The new owners of Homebase are set to reveal plans to close up to 60 stores next week putting over 1,000 jobs at risk.
Homebase currently has around 250 stores and 11,500 employees and has already announced the loss of 300 jobs at its Milton Keynes head office earlier this summer.
The company is set to investigate plans for a rescue deal next week, according to reports, with Homebase expected to file a company voluntary arrangement (CVA), a form of insolvency that enables a retailer to exit or alter deals with landlords.
A number of other UK retailers have used CVAs recently, as a step short of going into administration, including House of Fraser, Mothercare, New Look and Carpetright.
Homebase was sold by Australian firm Wesfarmers in May for just £1 following a disastrous push on the UK market, only two years after purchasing it for £350 million.

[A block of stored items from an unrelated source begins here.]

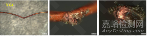 銅線發(fā)生腐蝕,腐蝕將導(dǎo)致銅線截面積減小,接觸電阻顯著增加,嚴(yán)重者發(fā)生斷裂開路。
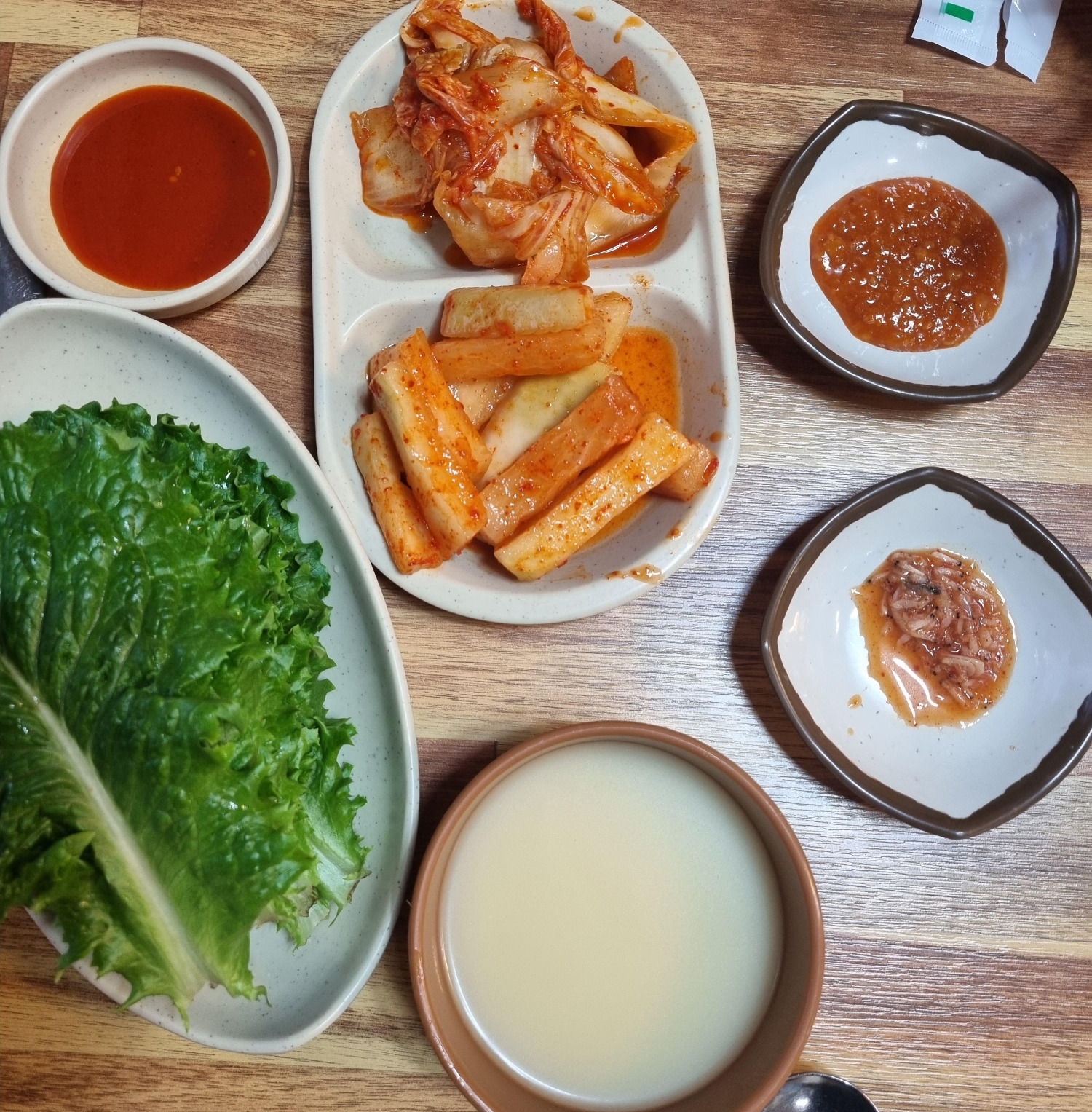 같이 나오는 무절임과 쌈채소, 마늘, 깍두기, 김치 등과 함께 먹으면 풍족하게 먹을 수 있다.
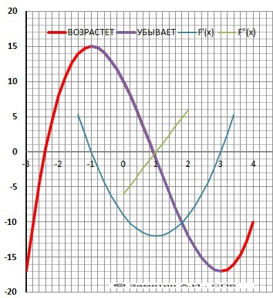 7. Корни при Х1=-1. Максимум Ymax(-1)= 15,при Х2 = 3, минимум – Ymin(3) = - 17.

The original plan was to redevelop the Homebase stores under its Bunnings brand.
The Australian firm has admitted to making a number of self-induced errors, including underestimating winter demand for items such as heaters, as well as dropping popular kitchen and bathroom ranges.
On top of Wesfarmers’ catalogue of errors, Homebase has been battling to survive in a tough DIY sector hit by a slowdown in the housing market and a squeeze on consumer spending.
These factors led to Wesfarmers saying earlier in the year that they were considering closing up to 40 UK stores, with heavy losses expected.
Managing director Rob Scott said at the time that disposing of the UK chain was in the best interests of shareholders, following a review of the business.